Psychedelic Psychotherapy: Insights from 25 Years of Research

William Richards, PhD

Abstract: Reflecting on his past involvement in clinical research with psychedelic substances at the University of Göttingen and the Maryland Psychiatric Research Center, and in the current investigations at the Johns Hopkins School of Medicine, Dr. Richards will discuss the discrete alternative states of consciousness that appear to facilitate psychotherapeutic progress, and the factors of set, setting, and dosage that increase the probability of their occurrence. Attention will be paid to both the art and the science of psychedelic psychotherapy with appreciation for the phenomenology of psychedelic experiences, and for techniques of integrating new insights in normative states of consciousness.
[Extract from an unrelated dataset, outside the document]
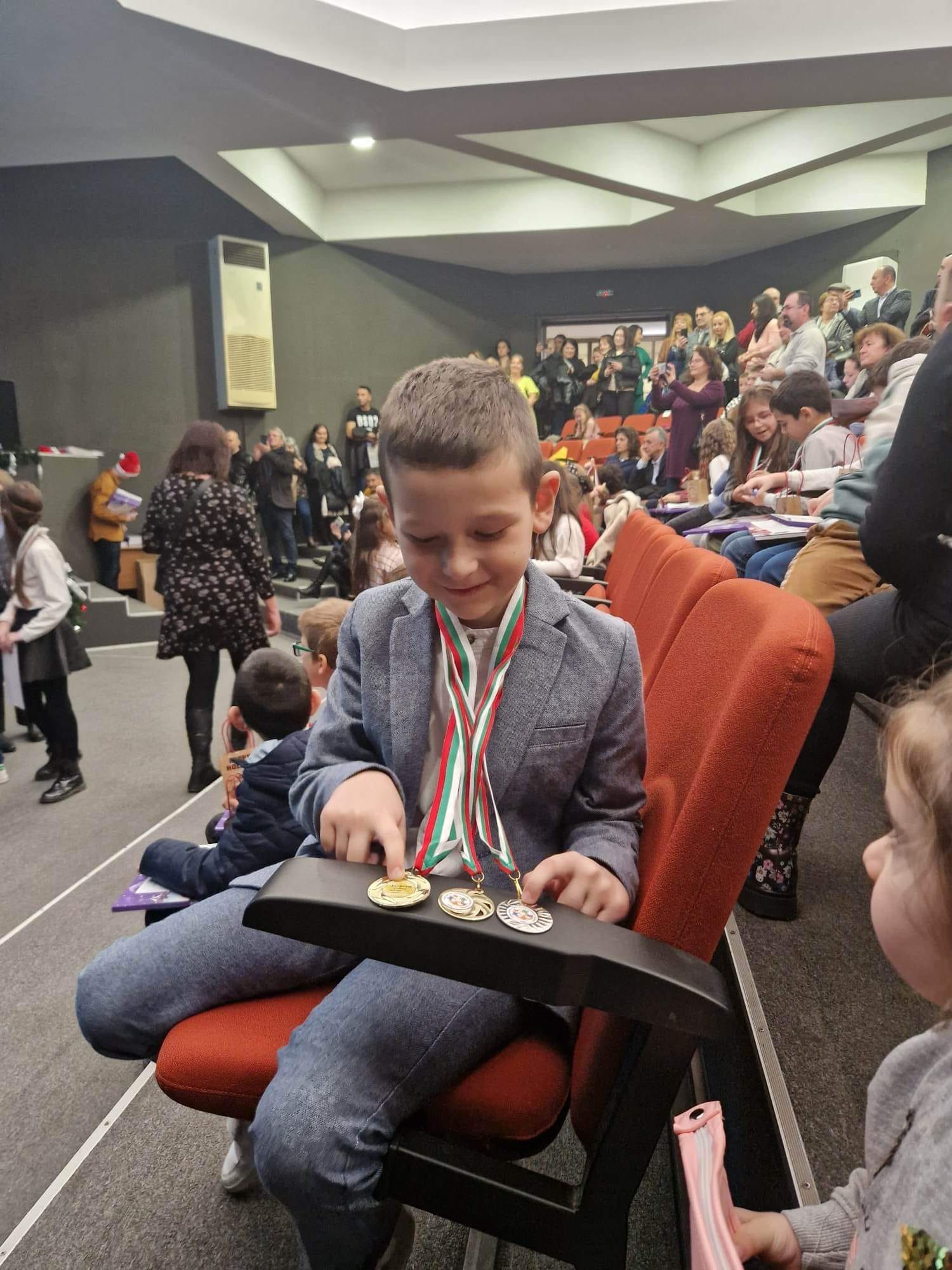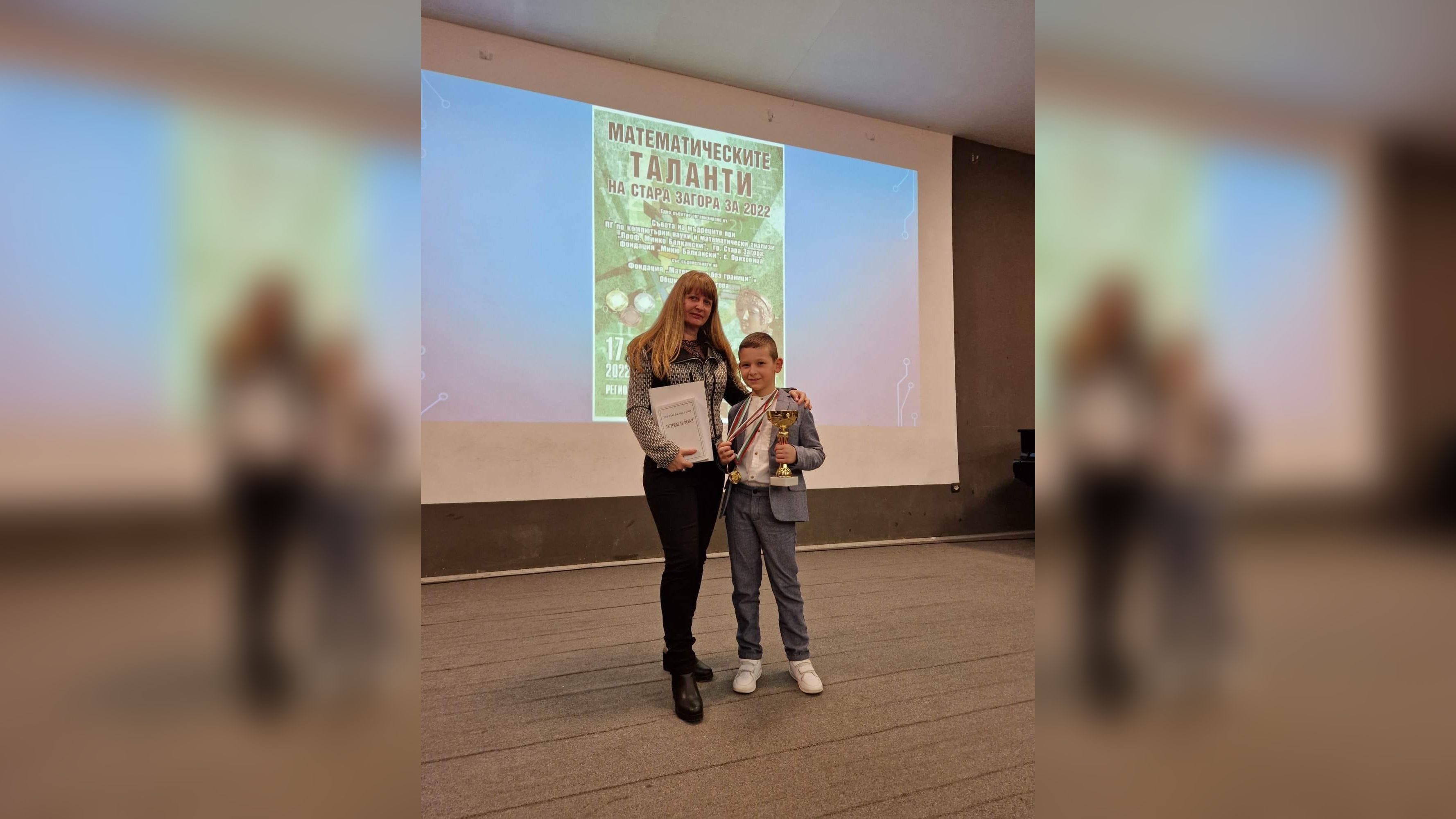 Златно отличие завоюва пъвокласника от А клас, Богомил Виделинов Дончев, ученик от ОУ"Св.Паисий Хилендарски", гр.Казанлък. Детето взе участие в първото издание на състезанието "Стара Загора търси математически таланти - 2022".

William A. Richards, PhD, is a psychologist in the Psychiatry Department of the Johns Hopkins University School of Medicine, Bayview Medical Center, currently pursuing research with entheogens, and also a clinician in private practice in Baltimore. His graduate degrees include MDiv from Yale Divinity School, STM from Andover-Newton Theological School and a PhD from Catholic University, as well as studies with Abraham Maslow at Brandeis University and Hanscarl Leuner at Georg-August University in Göttingen, Germany, where his involvement with psilocybin research originated in 1963. From 1967 to 1977, he pursued psychotherapy research with LSD, DPT, MDA, and psilocybin at the Maryland Psychiatric Research Center, including protocols designed to investigate the promise of entheogens in the treatment of alcoholism, severe personality disorders, narcotic addiction, the psychological distress associated with terminal cancer, and also their use in the training of religious and mental health professionals. From 1977-1981, he was a member of the psychology faculty of Antioch University in Maryland. His publications began in 1966 with “Implications of LSD and Experimental Mysticism,” coauthored with Walter Pahnke, and published in the Journal of Religion and Health.